NCCIC has received
multiple reports of WannaCry ransomware infections worldwide. Ransomware is a
type of malicious software that infects and restricts access to a computer
until a ransom is paid. Although there are other methods of delivery,
ransomware is frequently delivered through phishing emails and exploits
unpatched vulnerabilities in software.
Phishing emails are
crafted to appear as though they have been sent from a legitimate organization
or known individual. These emails often entice users to click on a link or open
an attachment containing malicious code. After the code is run, your computer
may become infected with malware.
A commitment to cyber
hygiene and best practices is critical to protecting organizations and users
from cyber threats, including malware.
In advice specific to the
recent WannaCry ransomware threat, users should:
·
Be careful when clicking directly on links
in emails, even if the sender appears to be known; attempt to verify web
addresses independently (e.g., contact your organization's helpdesk or search
the Internet for the main website of the organization or topic mentioned in the
email).
·
Exercise caution when opening email
attachments.
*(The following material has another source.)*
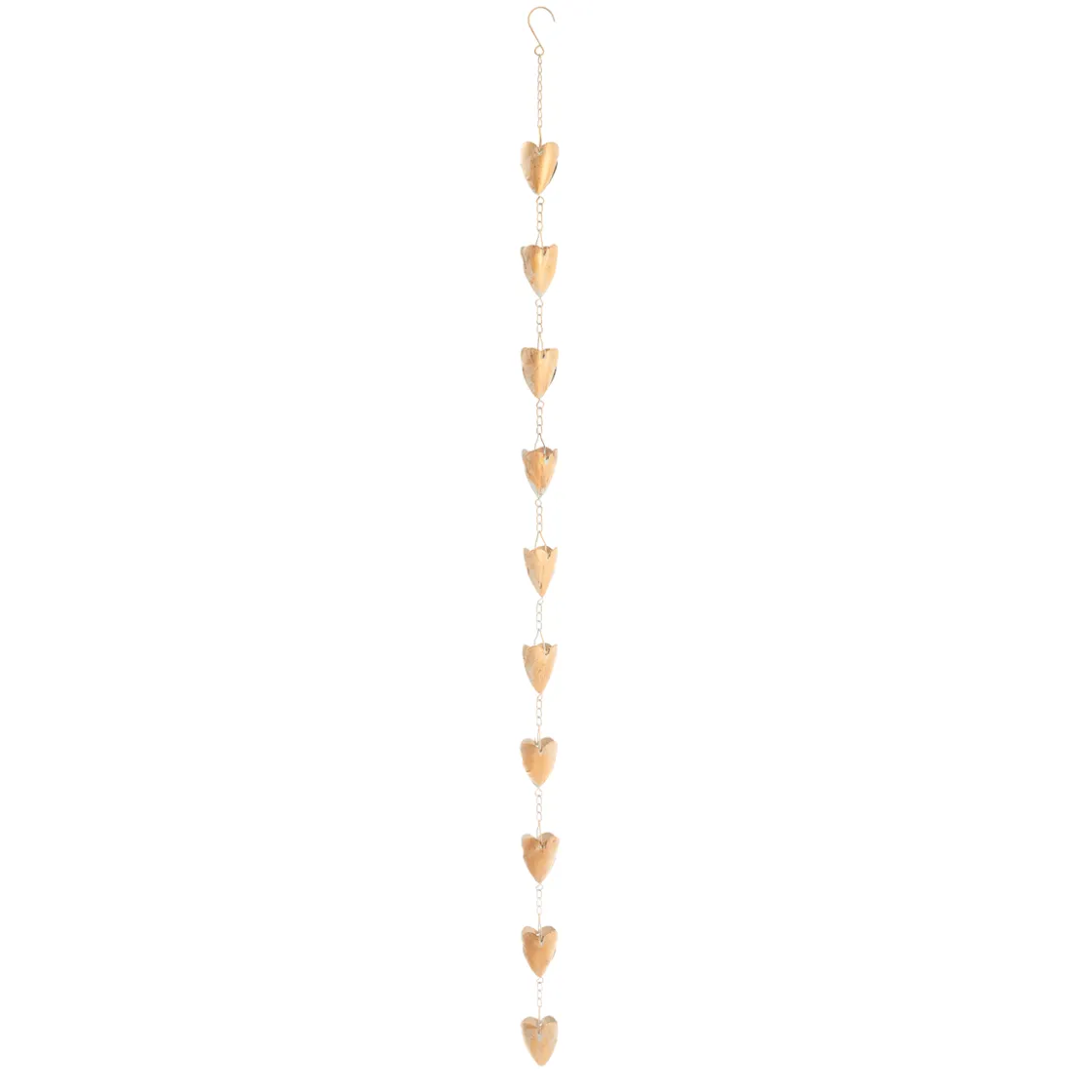 Romantisch schön ist diese Regenkette, die mit kleinen Herzen in einem antik-goldenen Ton geschmückt ist. Wenn Regen daran hinabläuft, wird sichtbar, wie wertvoll das Wasser für die Erde ist. Fühle dich eingeladen, auch dein Herz von seiner reinigenden und belebenden Kraft berühren zu lassen. Eisen, ca. L. 146 cm x B. 5,5 cm. Gewicht: ca. 340 g.

Be particularly wary of compressed or ZIP file attachments.
·
Follow best practices for Server Message
Block (SMB) and update to the latest version immediately. (See US-CERT’s SMBv1 Current Activity for more information.)
For general best
practices on patching and phishing, users should:
·
Ensure that your applications and operating
system has been patched with the latest updates. Vulnerable applications and
operating systems are the target of most attacks. (See Understanding Patches.)
·
Be suspicious of unsolicited phone calls,
visits, or email messages from individuals asking about employees or other
internal information. If an unknown individual claims to be from a legitimate
organization, try to verify his or her identity directly with the company.
·
Avoid providing personal information or
information about your organization, including its structure or networks,
unless you are certain of a person's authority to have the information.
·
Avoid revealing personal or financial
information in email, and do not respond to email solicitations for this
information. This includes following links sent in email.
·
Be cautious about sending sensitive
information over the Internet before checking a website's security. (See Protecting Your Privacy.)
·
Pay attention to the URL of a website.
Malicious websites may look identical to a legitimate site, but the URL may use
a variation in spelling or a different domain (e.g., .com vs. .net).
·
If you are unsure whether an email request
is legitimate, try to verify it by contacting the company directly. Do not use
contact information provided on a website connected to the request; instead,
check previous statements for contact information. Information about known phishing
attacks is also available online from anti-phishing groups such as the APWG.
·
Install and maintain anti-virus software,
firewalls, and email filters to reduce some of this traffic. (See Understanding Firewalls, Understanding Anti-Virus Software, and Reducing Spam for additional information.)